Polygenic score analyses
Polygenic score analysis is designed to test whether SNPs that do not reach genome-wide significance in a discovery GWA are nonetheless significantly associated in aggregate with a trait in an independent sample. In the same sample of 3152 unrelated individuals, we created polygenic scores with varying numbers of SNPs (see Materials and methods) based on a large meta-analytic GWA study (N=126 599) of years of education.13 Figure 2 displays the results of multiple linear regression analyses showing that the polygenic scores accounted for ~3.0% variance in educational achievement (GCSE), ~2.5% in family SES and ~1.0% in intelligence. All P-values were ≤3.79−07. Notably, the effect size for GCSE remained substantial (~2.0%) and significant (P≤2.27−06) when statistically controlling for intelligence.

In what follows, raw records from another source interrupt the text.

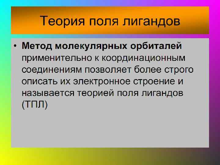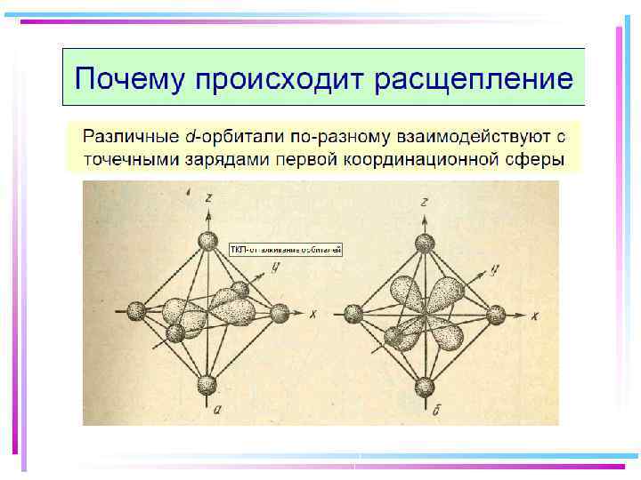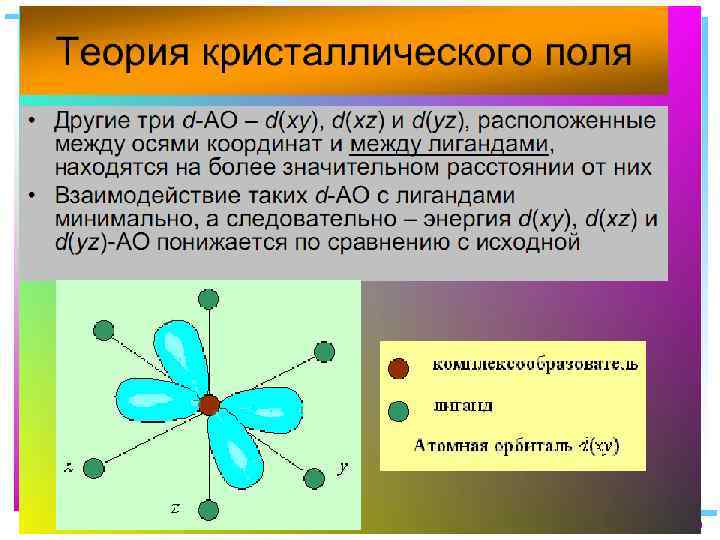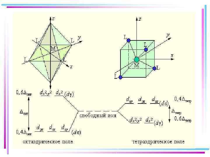 Основные положения теории кристаллического поля (поля лигандов) • Связь комплексообразователя (центр. атома) Mе с лигандами L считается чисто ионной • Лиганды L – точечные заряды в вершинах правильных полиэдров, т. е. на максимальном расстоянии друг от друга • Взаимодействие L между собой не рассматр. • Детально рассматривается влияние электростатич. поля лигандов на Mе, а именно, на энергетич. подуровни (ЭПУ) центрального атома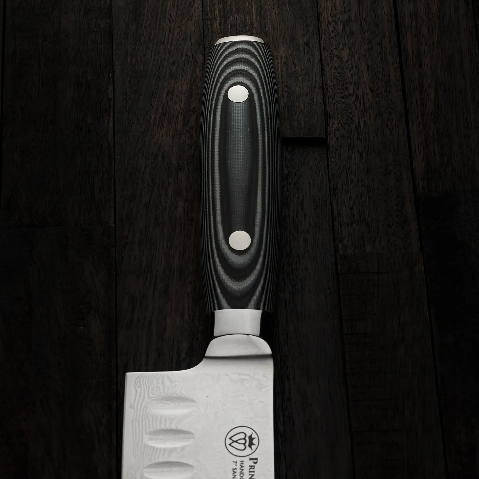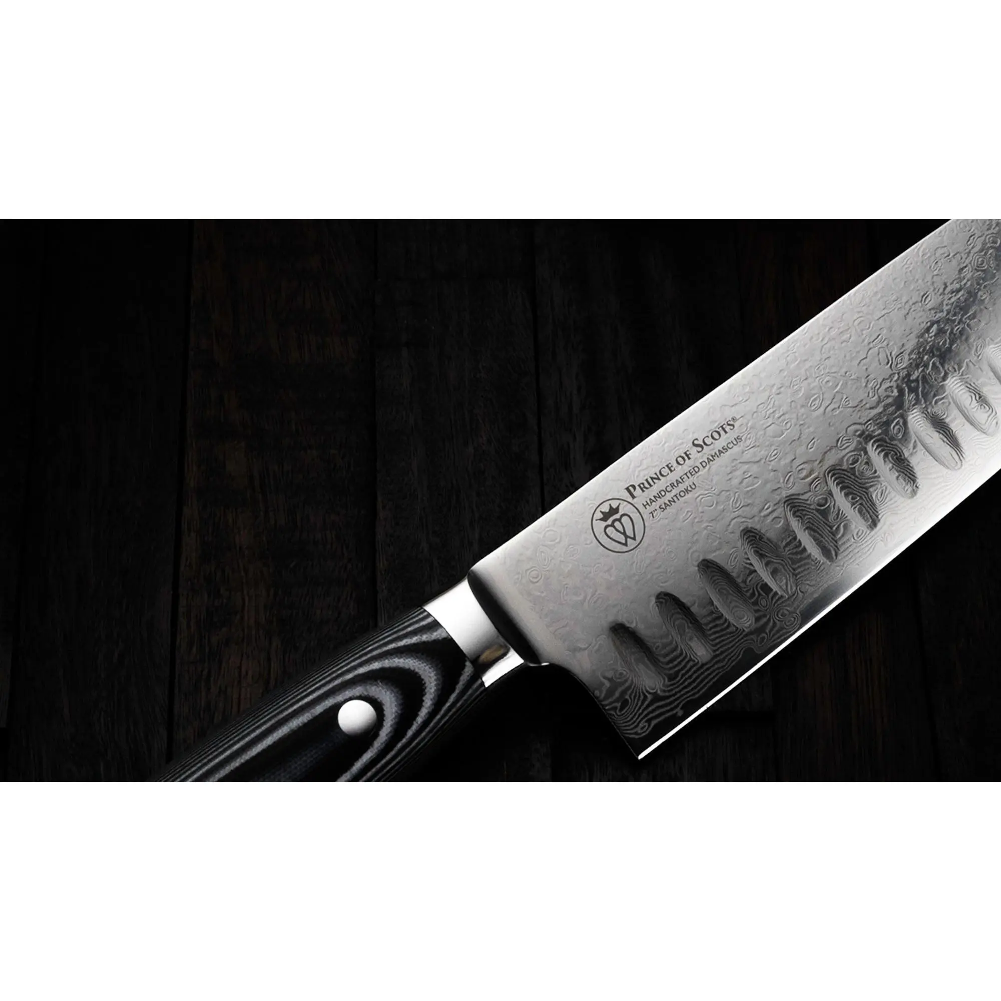 Prince of Scots Damascus knives reflect the craftsmanship of a centuries-old tradition of Japanese knife making merged with American Design and Engineering. The fusion of Eastern and Western knifemaking philosophies feature increased knuckle clearance for home kitchen use.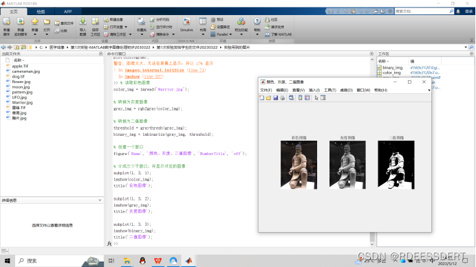 2.读取彩色图像Warrior.jpg, 将其转换为灰度图像和二值图像, 在同一个窗口内分成三个子窗口分别显示彩色图像、灰度图像和二值图像, 标注文字标题, 请编程实现。

This study provides the first molecular evidence for substantial genetic influence on differences in children’s educational achievement at the end of compulsory education in the United Kingdom and its association with family SES. Our GCTA results show that SNPs that are associated with both family SES and GCSE scores account for about half of the phenotypic correlation between SES and GCSE. Mediation analysis suggests that about one-third of this genetic effect also extends to children’s intelligence, but two-thirds of the genetic association between family SES and GCSE scores is independent of intelligence. In GPS analysis, we show that SNPs associated with total years of education in adulthood discovered by an independent large GWA meta-analysis13 explain up to 3% of the variance in children’s educational achievement in our sample, and up to 2% of the variance after controlling for intelligence.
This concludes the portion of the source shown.